With some quick pivoting, we shipped a second version with a new color scheme. It took only a few hours of dev time and after restarting the experiment by excluding those exposed from the first run (this is important to prevent contaminating our data set with biased users), we drove significant lift in our KPIs for both new and existing members - proving that the second design was better for the product overall.
Disproving the Null Hypothesis
Another time the data can seem a bit backwards is for “defensive” experiments. For some experiments we hope to see no significant changes in our KPIs between control and test groups. For example, to eliminate tech debt, we rewrote one of our web pages to pull information via GraphQL. Of course we QA’ed before launching, and wrote extensive unit tests to verify performance, but we don’t truly know how it will perform at scale across different browsers and devices. At OkCupid, we can use our experiments system for that!

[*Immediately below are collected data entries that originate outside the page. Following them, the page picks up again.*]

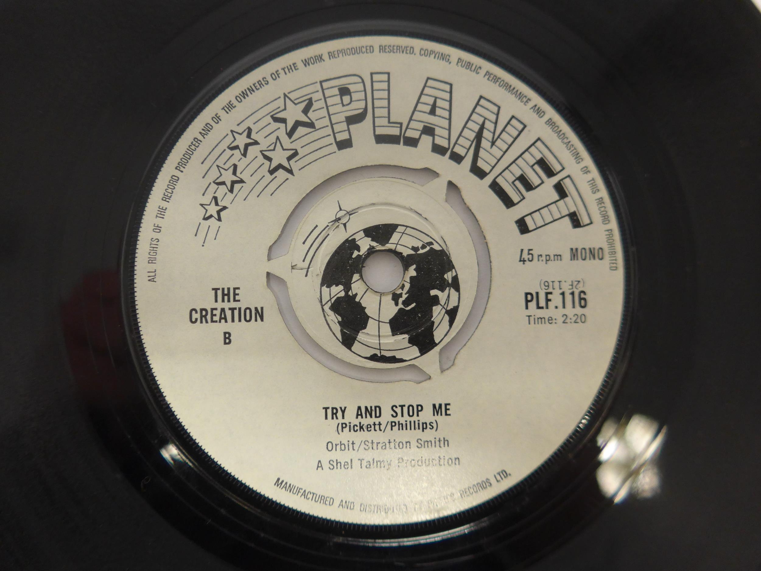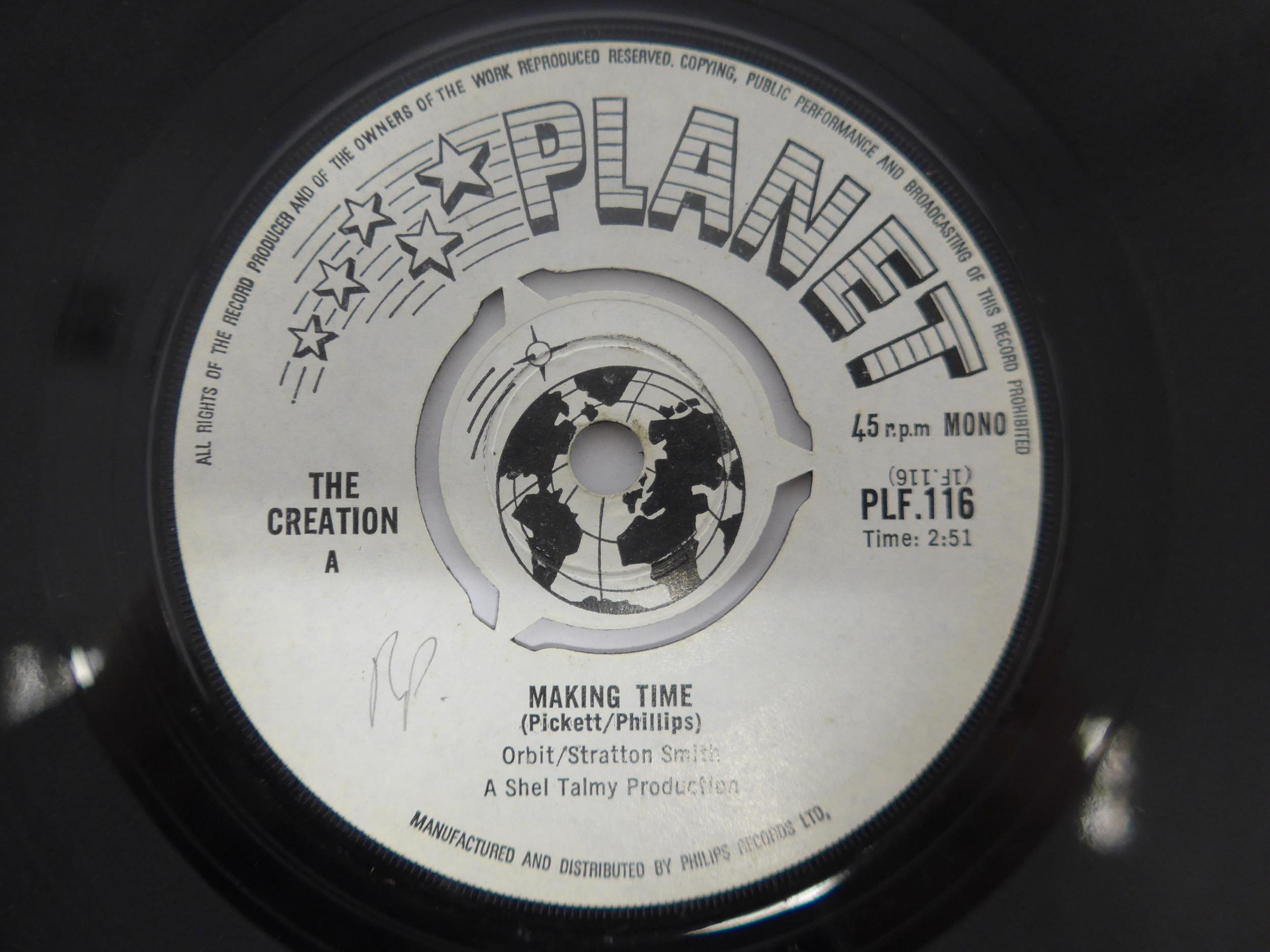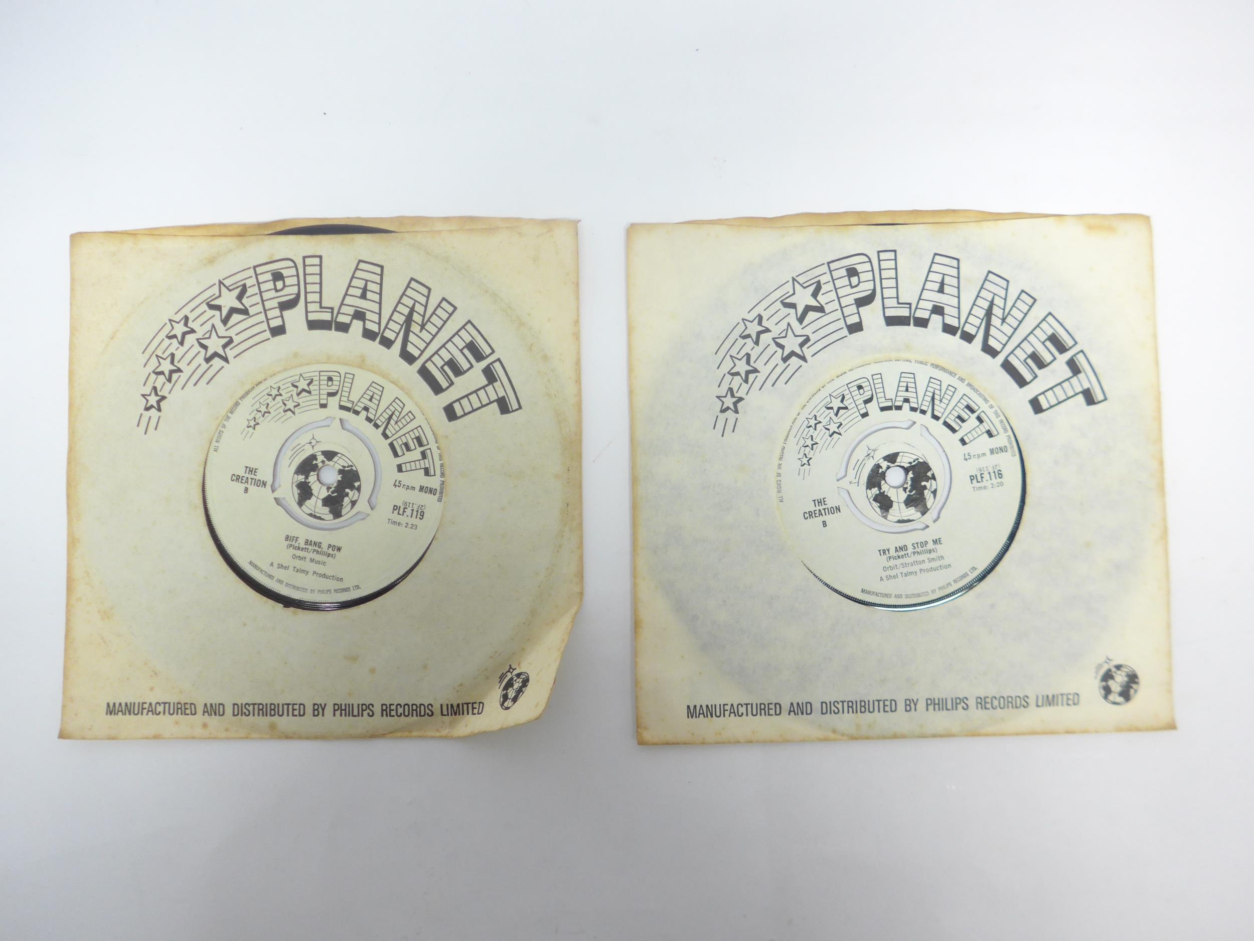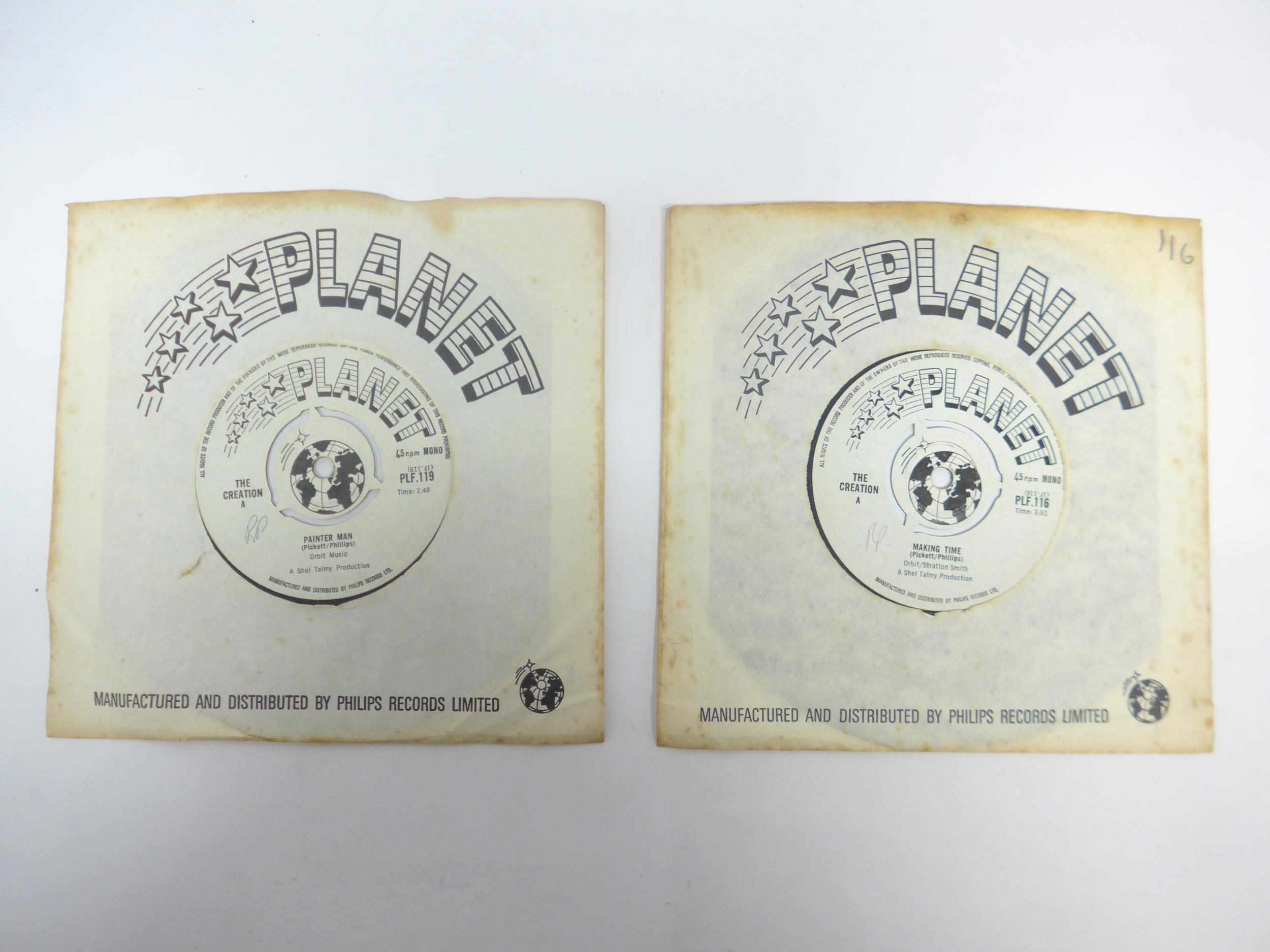 Psych / Mod - THE CREATION: Two original UK pressing 7" singles to include 'Making Time / Try And Stop Me' (Planet PLF.116, vinyl a strong VG nearing VG+, initials written in pencil to B-side label) and 'Painter Man / Biff, Bang, Pow' (Planet PLF.119, vinyl VG, initials written in pencil to B-side label) (2, housed in original Philips Planet sleeves)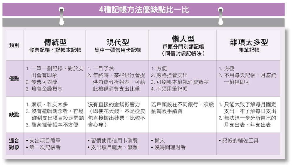 像岑永康夫婦的記帳方法,就是無論大小數字,都用信用卡消費,讓信用卡帳單成為家庭消費支出明細,還能向銀行申請帳單分析表。富蘭克林投顧副總羅尤美則是預先設定每月月結餘目標,勤於查詢銀行帳戶和皮包的鈔票數字,若今天不小心花了較大筆的錢,之後就會嘗試從別的地方省下來,保持一定的月結餘。 記帳方法有很多種,以下提供4種記帳方法的優缺點,作為參考。本文摘錄自《簡單變有錢專刊》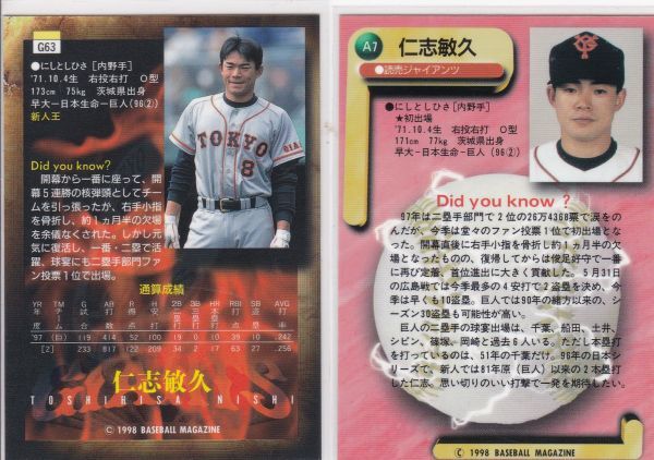 ●1998BBM/巨人 【仁志 敏久】 通常版 G63+オールスター A7 2種セット R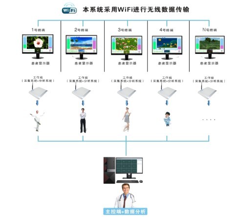 2.服務(wù)器通過(guò)無(wú)線路由器,可連接一臺(tái)或多臺(tái)治療儀主機(jī),服務(wù)器具有實(shí)時(shí)控制功能,可實(shí)時(shí)控制各治療主機(jī),亦具有用戶管理功能、播放模式選擇、訓(xùn)練方案編輯、療效報(bào)告功能、數(shù)據(jù)傳輸功能。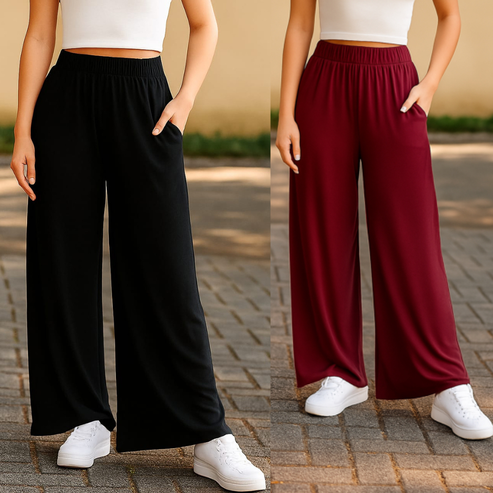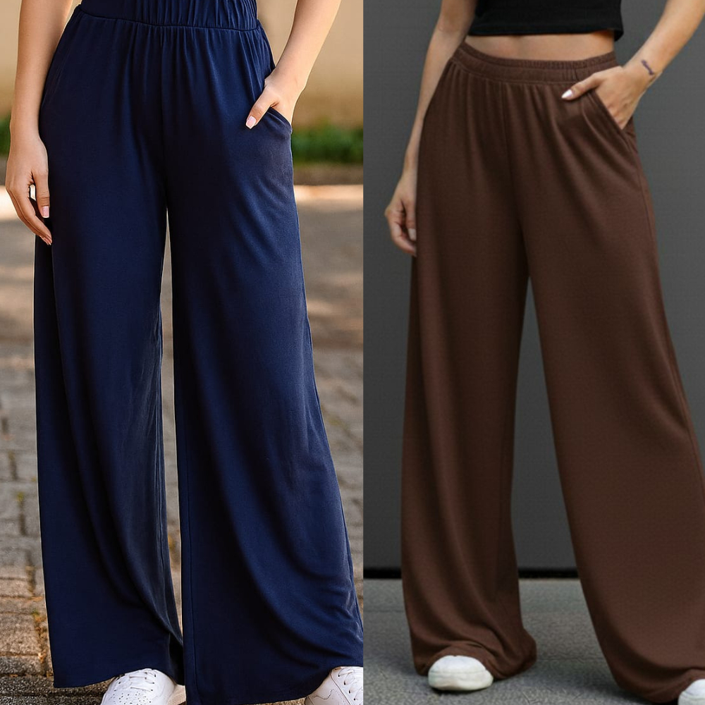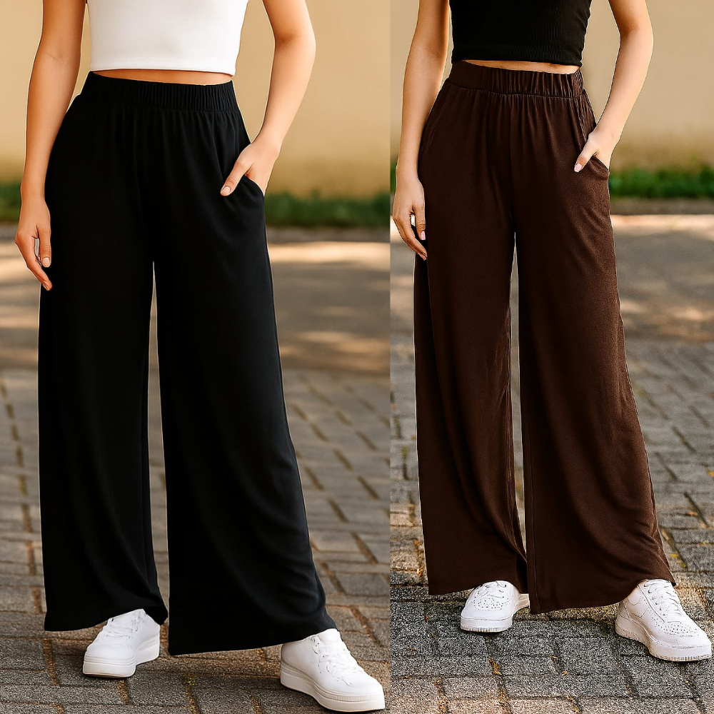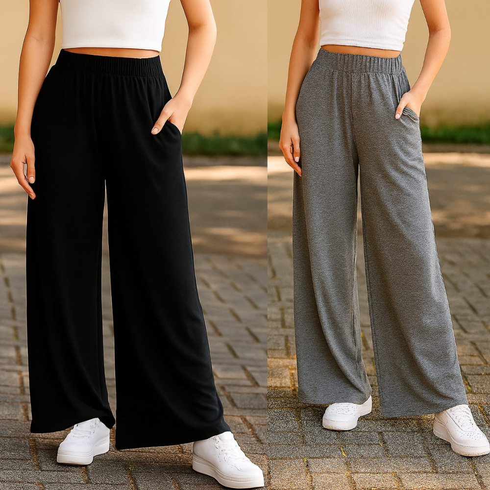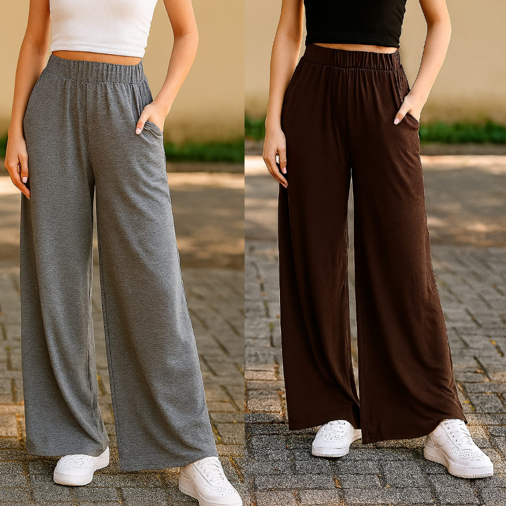 Kit com 2 Calça Pantalona Estilosa com Bolsos Grandes Calça Feminina Estilo de Alfaiataria no tecido Viscolycra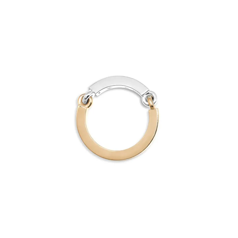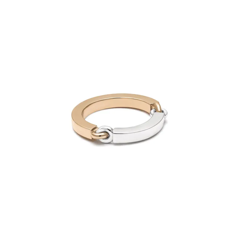 Forward-thinking yet instantly classic, the mixed metal Aphelion ring breaks the conventional mold by exploring the pairing of both solid 18k yellow and white gold. Wear the Aphelion as a statement piece or in a stack of complementary rings.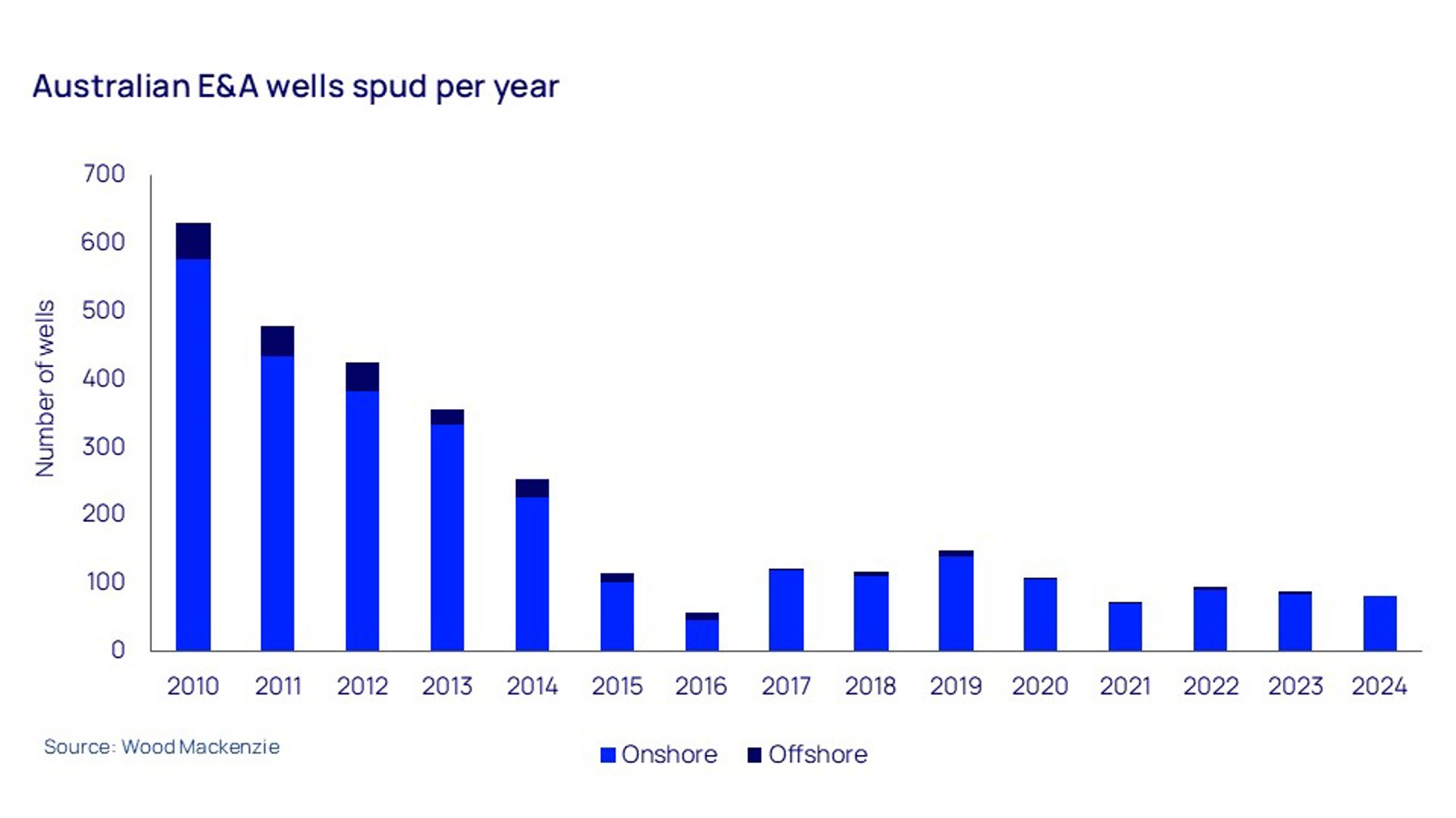 Despite the continued importance of gas in Australia’s energy mix, and higher prices, new gas supply and exploration projects have been delayed. The following chart illustrates the shift in exploration activity.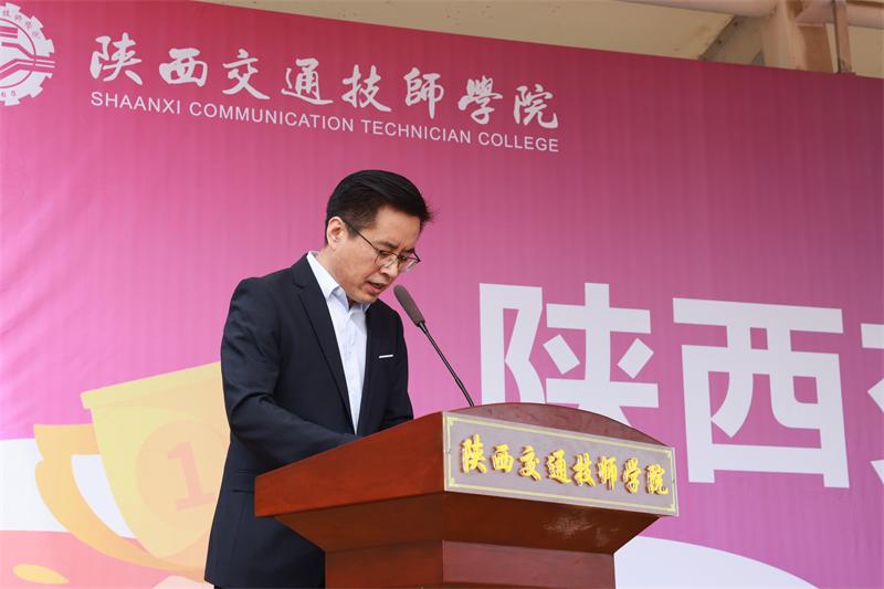 在全场热烈的掌声中,学院党委书记张鹏宣布:“陕西交通技师学院第三十六届田径运动会——开幕!”
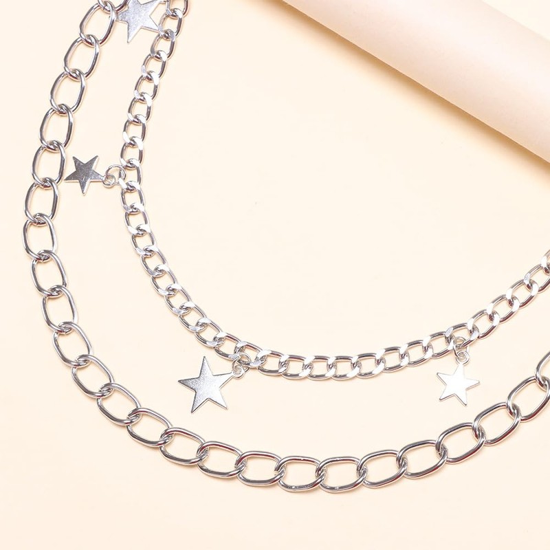 - STYLE FEATURES: Multiple decorative silver star charms strategically placed along the chains for a trendy Y2K street fashion look
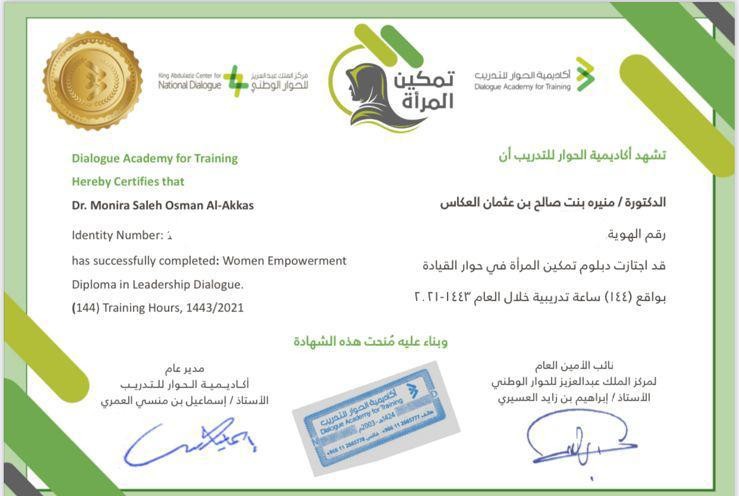 حصلت الدكتورة منيرة العكاس على دبلوم تمكين المرأة في حوار القيادة من أكاديمية الحوار للتدريب بواقع ١٤٤ساعة تدريبية.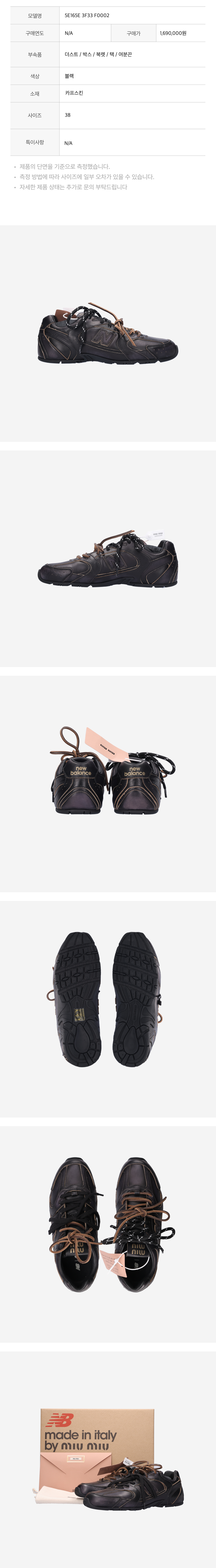미우미우 x 뉴발란스 530 스니커즈 카프스킨 블랙 38

We call this sort of experiment “defensive”. Like all experiments, we want to collect data to disprove the null hypothesis. Since we hope there will be no change between the new GraphQL page and our legacy page, in this case, we actually hope we are unable to disprove the Null Hypothesis.
How do we do this? We need to perform a power analysis to determine the amount of data we’d need to consistently disprove the null hypothesis within a minimum detectable effect size at a threshold we choose. This means we don’t want results between the two groups to be statistically significant once they pass that chosen threshold - and we can’t call the experiment until we reach that power level.
In this case, the experiment saw minimal shifts in behavior across the two groups, proven to be statistically insignificant by comparing them to power, which is to say, it was a success! Sometimes no positive data is good news. Now we feel secure in how messages on OkCupid populate with data from GraphQL.
Whether it’s disproving novelty effect or the null hypothesis, OkCupid has a robust experiment system that can be used in many ways to test and measure the impact our coders have on our members. We are always iterating to make it easier for our members to find love. And while we have a clear vision of how we do that, sometimes the data won’t tell us the whole story on it’s own.